**What you are asked to do**
Set down each entry exactly as given; pictures should not appear in the copy.

(Task data)

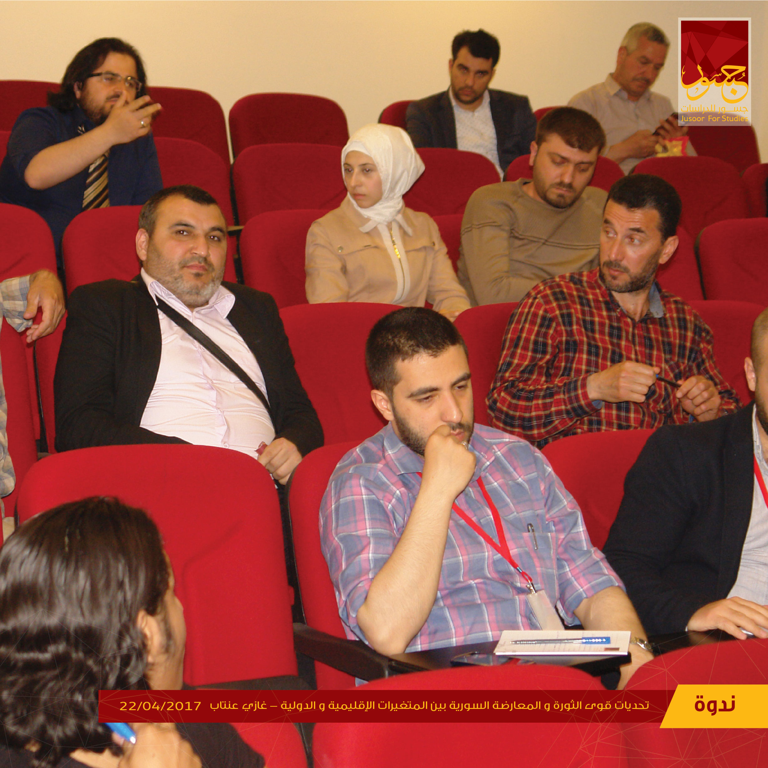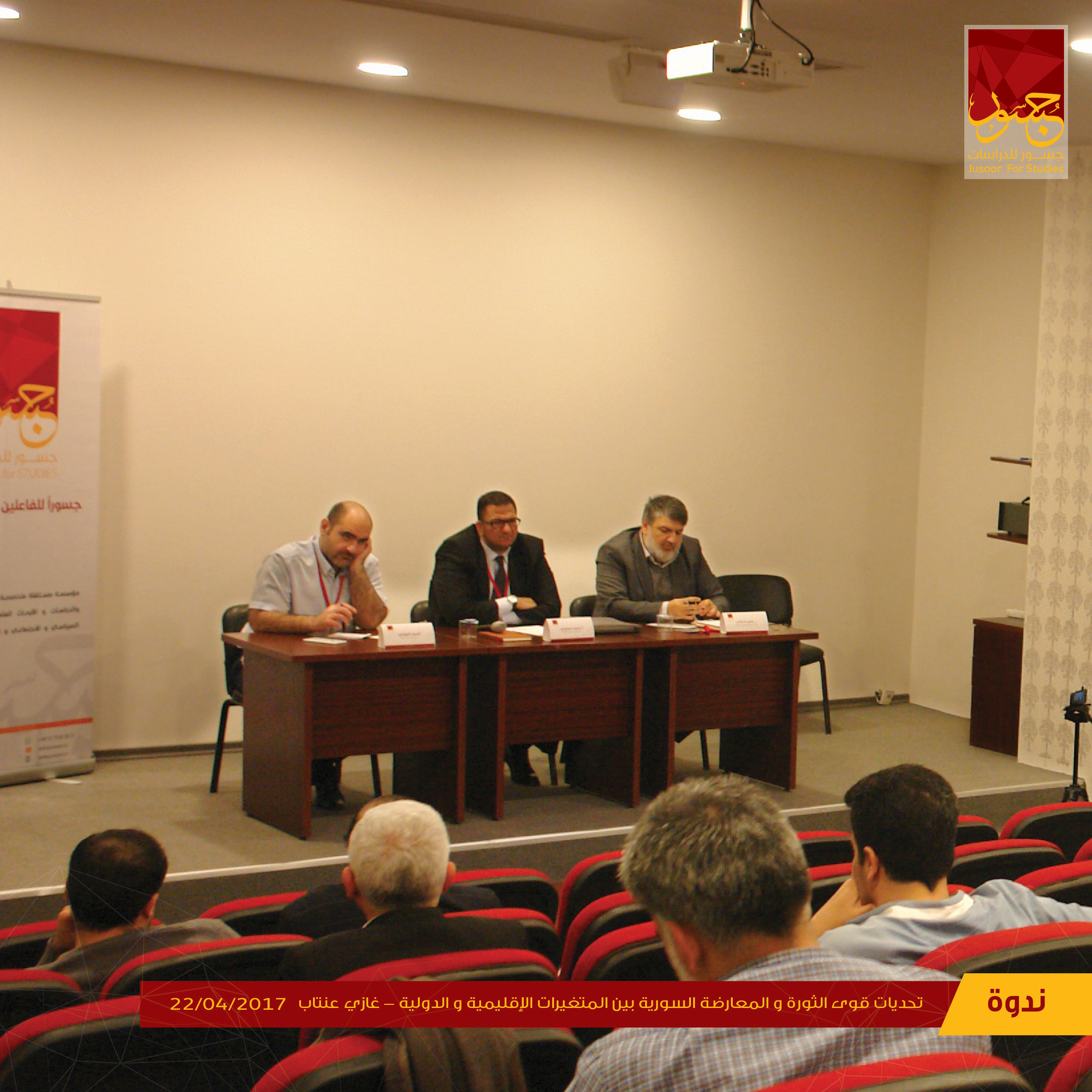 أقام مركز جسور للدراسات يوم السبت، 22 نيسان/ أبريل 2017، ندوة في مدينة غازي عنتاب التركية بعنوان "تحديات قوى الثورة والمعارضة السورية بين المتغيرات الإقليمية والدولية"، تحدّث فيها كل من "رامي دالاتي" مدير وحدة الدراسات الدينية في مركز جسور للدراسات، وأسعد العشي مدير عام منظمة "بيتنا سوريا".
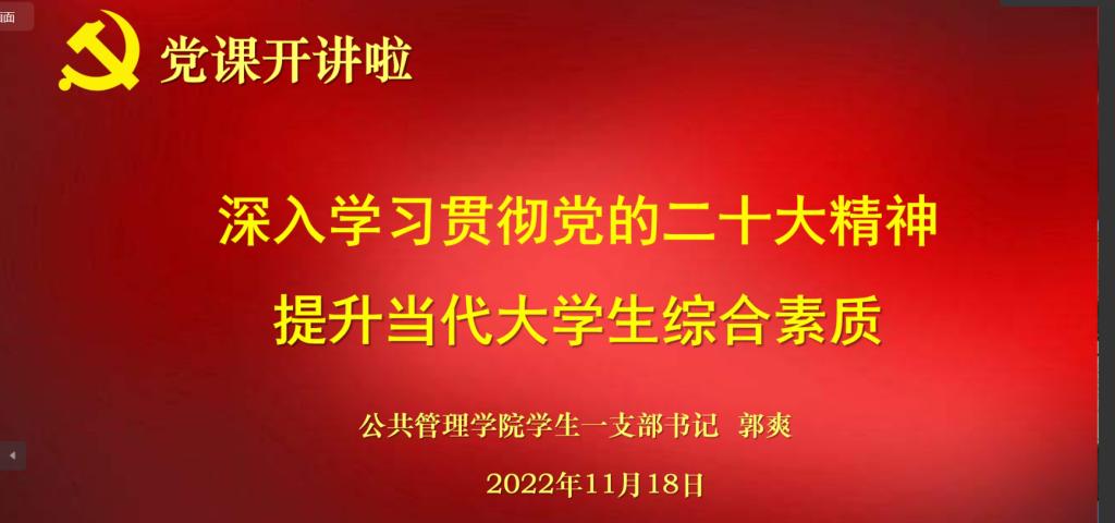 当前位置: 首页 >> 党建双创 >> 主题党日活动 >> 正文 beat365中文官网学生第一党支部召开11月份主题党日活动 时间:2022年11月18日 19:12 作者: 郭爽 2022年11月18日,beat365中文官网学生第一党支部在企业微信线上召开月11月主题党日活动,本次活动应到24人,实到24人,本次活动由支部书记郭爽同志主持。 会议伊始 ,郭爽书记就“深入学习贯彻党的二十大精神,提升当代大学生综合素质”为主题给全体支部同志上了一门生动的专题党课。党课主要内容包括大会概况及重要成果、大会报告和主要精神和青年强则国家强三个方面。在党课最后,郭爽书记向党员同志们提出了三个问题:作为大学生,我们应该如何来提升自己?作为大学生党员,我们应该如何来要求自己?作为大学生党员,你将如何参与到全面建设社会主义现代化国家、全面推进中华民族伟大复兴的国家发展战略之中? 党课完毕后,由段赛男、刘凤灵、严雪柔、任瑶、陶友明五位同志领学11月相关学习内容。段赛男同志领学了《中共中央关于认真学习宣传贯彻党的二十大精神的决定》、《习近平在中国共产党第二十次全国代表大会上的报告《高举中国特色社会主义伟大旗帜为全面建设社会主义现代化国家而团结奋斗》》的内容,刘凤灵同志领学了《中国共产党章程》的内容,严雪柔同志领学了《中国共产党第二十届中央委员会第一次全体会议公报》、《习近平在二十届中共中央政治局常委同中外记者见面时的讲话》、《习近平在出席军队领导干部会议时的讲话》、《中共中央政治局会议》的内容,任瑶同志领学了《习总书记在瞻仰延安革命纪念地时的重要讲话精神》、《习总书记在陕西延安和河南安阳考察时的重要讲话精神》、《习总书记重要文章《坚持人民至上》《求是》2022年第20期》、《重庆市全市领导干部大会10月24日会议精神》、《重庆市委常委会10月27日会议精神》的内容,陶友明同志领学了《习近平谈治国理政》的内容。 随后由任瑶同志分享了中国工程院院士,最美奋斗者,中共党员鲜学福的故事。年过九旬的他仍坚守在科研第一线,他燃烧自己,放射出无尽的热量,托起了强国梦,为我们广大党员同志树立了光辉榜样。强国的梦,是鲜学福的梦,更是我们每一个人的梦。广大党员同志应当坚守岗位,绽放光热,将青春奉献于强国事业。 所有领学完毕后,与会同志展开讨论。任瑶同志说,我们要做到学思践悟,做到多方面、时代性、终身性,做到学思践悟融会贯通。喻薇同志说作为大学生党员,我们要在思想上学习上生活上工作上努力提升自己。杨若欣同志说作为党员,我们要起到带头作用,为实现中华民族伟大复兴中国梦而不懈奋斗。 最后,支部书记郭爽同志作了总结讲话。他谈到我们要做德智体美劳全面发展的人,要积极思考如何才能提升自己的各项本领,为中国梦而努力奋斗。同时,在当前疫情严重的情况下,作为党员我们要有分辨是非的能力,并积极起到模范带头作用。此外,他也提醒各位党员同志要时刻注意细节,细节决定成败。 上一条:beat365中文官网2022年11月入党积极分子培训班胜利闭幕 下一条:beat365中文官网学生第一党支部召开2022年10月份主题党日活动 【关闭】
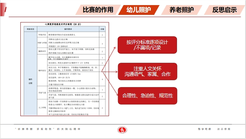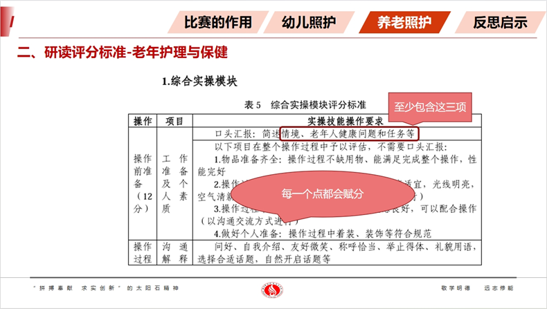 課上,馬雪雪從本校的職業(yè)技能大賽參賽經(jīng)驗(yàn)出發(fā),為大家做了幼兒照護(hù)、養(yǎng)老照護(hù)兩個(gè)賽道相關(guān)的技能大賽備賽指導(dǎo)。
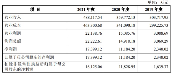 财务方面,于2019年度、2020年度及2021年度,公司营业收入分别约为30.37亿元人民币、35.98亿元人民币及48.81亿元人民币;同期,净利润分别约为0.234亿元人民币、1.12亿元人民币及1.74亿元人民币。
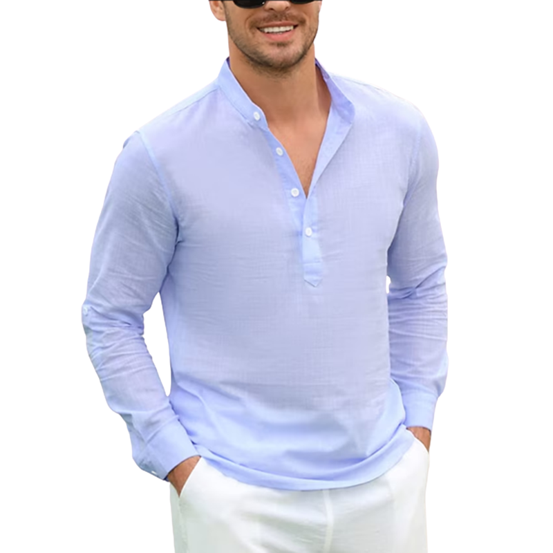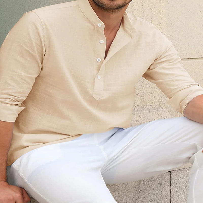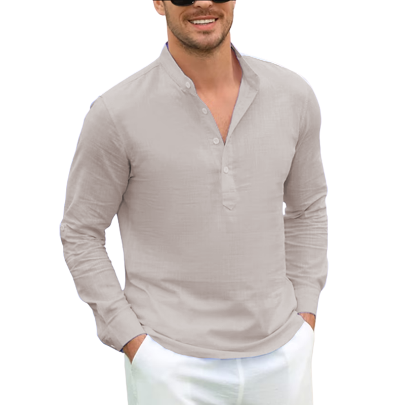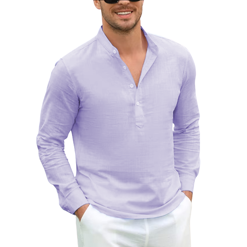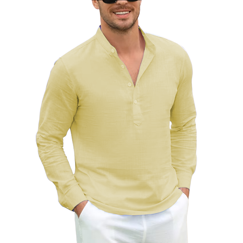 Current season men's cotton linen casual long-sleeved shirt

(End Task data)

**Output for this exercise**
 أقام مركز جسور للدراسات يوم السبت، 22 نيسان/ أبريل 2017، ندوة في مدينة غازي عنتاب التركية بعنوان "تحديات قوى الثورة والمعارضة السورية بين المتغيرات الإقليمية والدولية"، تحدّث فيها كل من "رامي دالاتي" مدير وحدة الدراسات الدينية في مركز جسور للدراسات، وأسعد العشي مدير عام منظمة "بيتنا سوريا".
 当前位置: 首页 >> 党建双创 >> 主题党日活动 >> 正文 beat365中文官网学生第一党支部召开11月份主题党日活动 时间:2022年11月18日 19:12 作者: 郭爽 2022年11月18日,beat365中文官网学生第一党支部在企业微信线上召开月11月主题党日活动,本次活动应到24人,实到24人,本次活动由支部书记郭爽同志主持。 会议伊始 ,郭爽书记就“深入学习贯彻党的二十大精神,提升当代大学生综合素质”为主题给全体支部同志上了一门生动的专题党课。党课主要内容包括大会概况及重要成果、大会报告和主要精神和青年强则国家强三个方面。在党课最后,郭爽书记向党员同志们提出了三个问题:作为大学生,我们应该如何来提升自己?作为大学生党员,我们应该如何来要求自己?作为大学生党员,你将如何参与到全面建设社会主义现代化国家、全面推进中华民族伟大复兴的国家发展战略之中? 党课完毕后,由段赛男、刘凤灵、严雪柔、任瑶、陶友明五位同志领学11月相关学习内容。段赛男同志领学了《中共中央关于认真学习宣传贯彻党的二十大精神的决定》、《习近平在中国共产党第二十次全国代表大会上的报告《高举中国特色社会主义伟大旗帜为全面建设社会主义现代化国家而团结奋斗》》的内容,刘凤灵同志领学了《中国共产党章程》的内容,严雪柔同志领学了《中国共产党第二十届中央委员会第一次全体会议公报》、《习近平在二十届中共中央政治局常委同中外记者见面时的讲话》、《习近平在出席军队领导干部会议时的讲话》、《中共中央政治局会议》的内容,任瑶同志领学了《习总书记在瞻仰延安革命纪念地时的重要讲话精神》、《习总书记在陕西延安和河南安阳考察时的重要讲话精神》、《习总书记重要文章《坚持人民至上》《求是》2022年第20期》、《重庆市全市领导干部大会10月24日会议精神》、《重庆市委常委会10月27日会议精神》的内容,陶友明同志领学了《习近平谈治国理政》的内容。 随后由任瑶同志分享了中国工程院院士,最美奋斗者,中共党员鲜学福的故事。年过九旬的他仍坚守在科研第一线,他燃烧自己,放射出无尽的热量,托起了强国梦,为我们广大党员同志树立了光辉榜样。强国的梦,是鲜学福的梦,更是我们每一个人的梦。广大党员同志应当坚守岗位,绽放光热,将青春奉献于强国事业。 所有领学完毕后,与会同志展开讨论。任瑶同志说,我们要做到学思践悟,做到多方面、时代性、终身性,做到学思践悟融会贯通。喻薇同志说作为大学生党员,我们要在思想上学习上生活上工作上努力提升自己。杨若欣同志说作为党员,我们要起到带头作用,为实现中华民族伟大复兴中国梦而不懈奋斗。 最后,支部书记郭爽同志作了总结讲话。他谈到我们要做德智体美劳全面发展的人,要积极思考如何才能提升自己的各项本领,为中国梦而努力奋斗。同时,在当前疫情严重的情况下,作为党员我们要有分辨是非的能力,并积极起到模范带头作用。此外,他也提醒各位党员同志要时刻注意细节,细节决定成败。 上一条:beat365中文官网2022年11月入党积极分子培训班胜利闭幕 下一条:beat365中文官网学生第一党支部召开2022年10月份主题党日活动 【关闭】
 課上,馬雪雪從本校的職業(yè)技能大賽參賽經(jīng)驗(yàn)出發(fā),為大家做了幼兒照護(hù)、養(yǎng)老照護(hù)兩個(gè)賽道相關(guān)的技能大賽備賽指導(dǎo)。
 财务方面,于2019年度、2020年度及2021年度,公司营业收入分别约为30.37亿元人民币、35.98亿元人民币及48.81亿元人民币;同期,净利润分别约为0.234亿元人民币、1.12亿元人民币及1.74亿元人民币。
 Current season men's cotton linen casual long-sleeved shirt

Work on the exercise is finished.